On the one hand, I can appreciate how it would be a decent act to keep the real girlfriends of one's past out of the glare of the public eye. If you were writing an autobiography for the purpose of presenting yourself as a public figure, with the intent of trying to push yourself off in politics, it might be kind to leave real names out -- especially when you were talking about sensitive matters of the heart.
On the other hand, a "composite"? Could you make a composite of two or three people you cared about deeply? Wouldn't it rather be the case that you can't help but see such people as the individuals that they are?
Consider the letter making the rounds today:
“Remember how I said there’s a certain kind of conservatism which I respect more than bourgeois liberalism — [T.S.] Eliot is of this type,” Obama wrote in one letter to McNear. “Of course, the dichotomy he maintains is reactionary, but it’s due to a deep fatalism, not ignorance. And this fatalism is born out of the relation between fertility and death, which I touched on in my last letter — life feeds on itself. A fatalism I share with the western tradition at times. You seem surprised at Eliot’s irreconcilable ambivalence; don’t you share this ambivalence yourself, Alex?”This indicates that the speaker thinks of himself as outside "the western tradition," which ought to be problematic enough for the President's defenders. What strikes me, though, is the way that the literary figures are completely interwoven with the thoughts. This is common among people who have spent their lives immersed in literature.
I cannot recall ever hearing the President speak this way, though. He's given a lot of speeches, but literary references are rare within them, and essentially absent from his off-the-cuff remarks.

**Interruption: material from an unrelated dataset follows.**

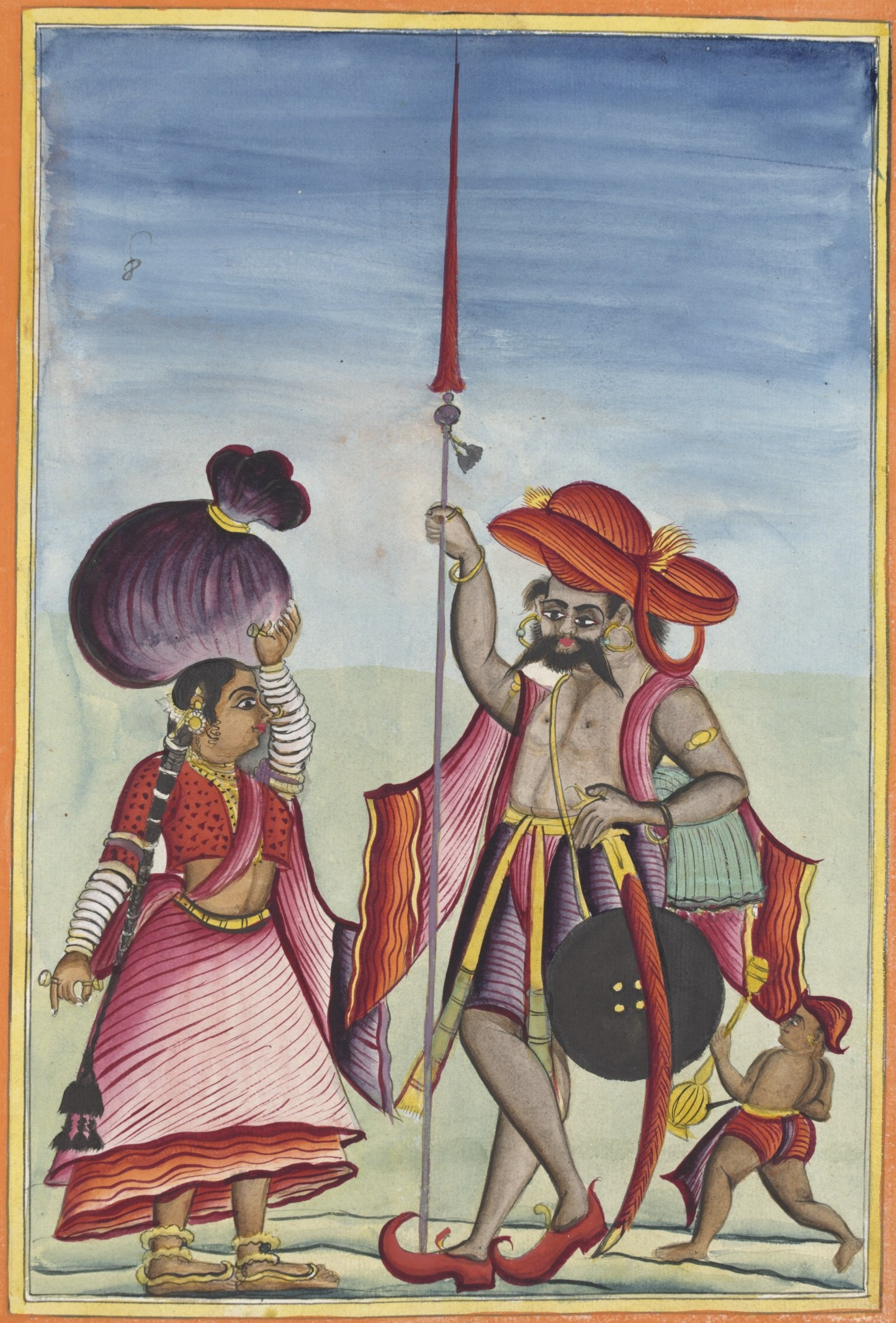 A man with wife and child Object: Painting Place of origin: Madras, India (made) Date: ca. 1785 (painted) Artist/Maker: Unknown (production) Materials and Techniques: Opaque watercolour on paper Museum number: IS.75:8-1954 Gallery location: In Storage Physical description A man of the warrior caste with wife and child. The man holds a spear with sword and buckler at his side. The woman carries a bundle, the child a huqqa. Place of Origin Madras, India (made) Date ca. 1785 (painted) Artist/maker Unknown (production) Materials and Techniques Opaque watercolour on paper Marks and inscriptions N8. Lambadey Cast Dimensions Height: 36.8 cm, Width: 27 cm Taken from Arts of India: 1550-1900 Descriptive line Paintings; Watercolour on English paper, A man with wife and child, Madras, ca. 1785 Bibliographic References (Citation, Note/Abstract, NAL no) Archer, Mildred. Company Paintings Indian Paintings of the British period Victoria and Albert Museum Indian Series London: Victoria and Albert Museum, Maplin Publishing, 1992 37 p. ISBN 0944142303 Materials Paper; Watercolour Techniques Painted Categories Paintings; Company paintings Collection code IND

Now it could be that the private, girlfriend-seeking Barack Obama is just a very different man from the public speaker; apparently Nixon was that way (as Cassandra recently pointed out). Still, Nixon was also a lot less public as a public figure: the times allowed a President to be different in private than in public in a way that they don't seem to do now.
So it strikes me as odd. Either the literature is deeply embedded in the thought process, or it is not. I've seen no evidence of it outside the book. What to make of that?